Even a small local business has an organization, productivity, and efficiency. The customer knows what he wants; the employee knows how to serve him. You will never see redundant staff, and no one is hired unless they meet at least the minimum requirements. It has a steady flow of receipts across all business cycles and remarkable profitability. He does not know what bureaucracy means. All customers leave satisfied and smiling. If someone is not satisfied, no one is forcing him to go again.
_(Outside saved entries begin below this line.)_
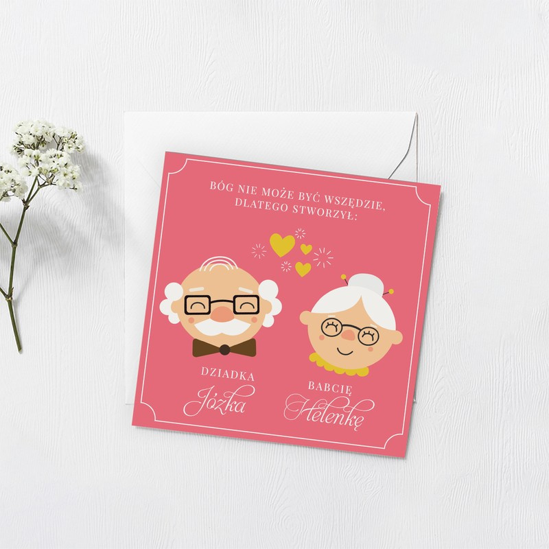 Kartka dla babci i dziadka / Bóg nie może być wszędzie / Prezent na Dzień Babci i Dziadka
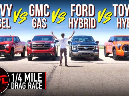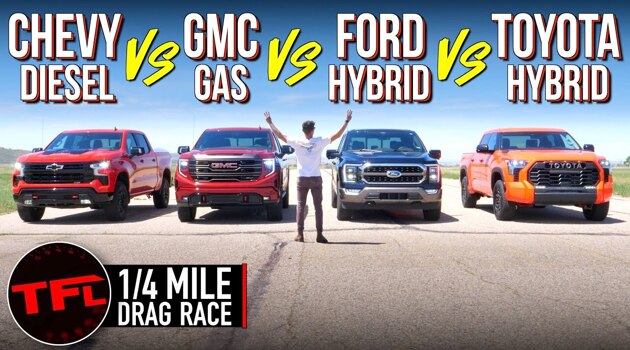 В гонке по прямой сравнили пикапы с бензиновым, дизельным и гибридным моторами
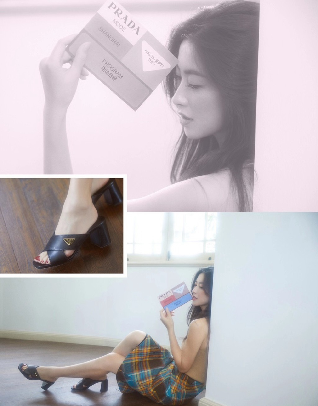 哇图网>明星朱珠图片>朱珠格纹裙性感优雅写真图片
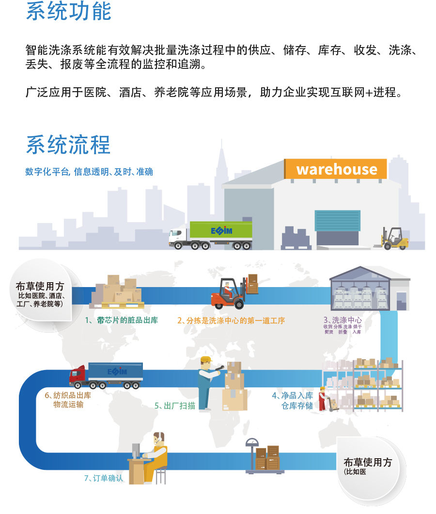 智能洗涤系统能有效解决批量洗涤过程中的供应、储存、库存、收发、洗涤、丢失、报废等全流程的监控和追溯,广泛应用于医院、酒店、养老院等应用场景,助力企业实现互联网+进程。
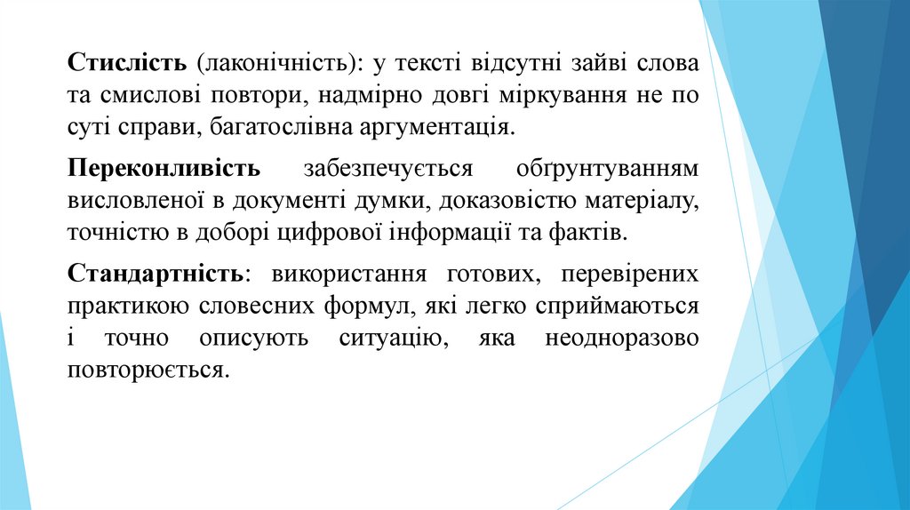 Стислість (лаконічність): у тексті відсутні зайві словата смислові повтори, надмірно довгі міркування не по

The main obstacle in developed countries is the demographic. Fewer young people of productive age support an increased number of older people. Bankers, as modern alchemists, can make money from scratch, not children. The bill does not come out even in the most favorable conditions. Even if any financial or tax system is correctly implemented, each of us considers it ideal. For this ratio to be viable, we must intelligently exploit technology in conjunction with a productive reconstruction so that productivity rises. At such a level, where the wealth produced is like working multiple times.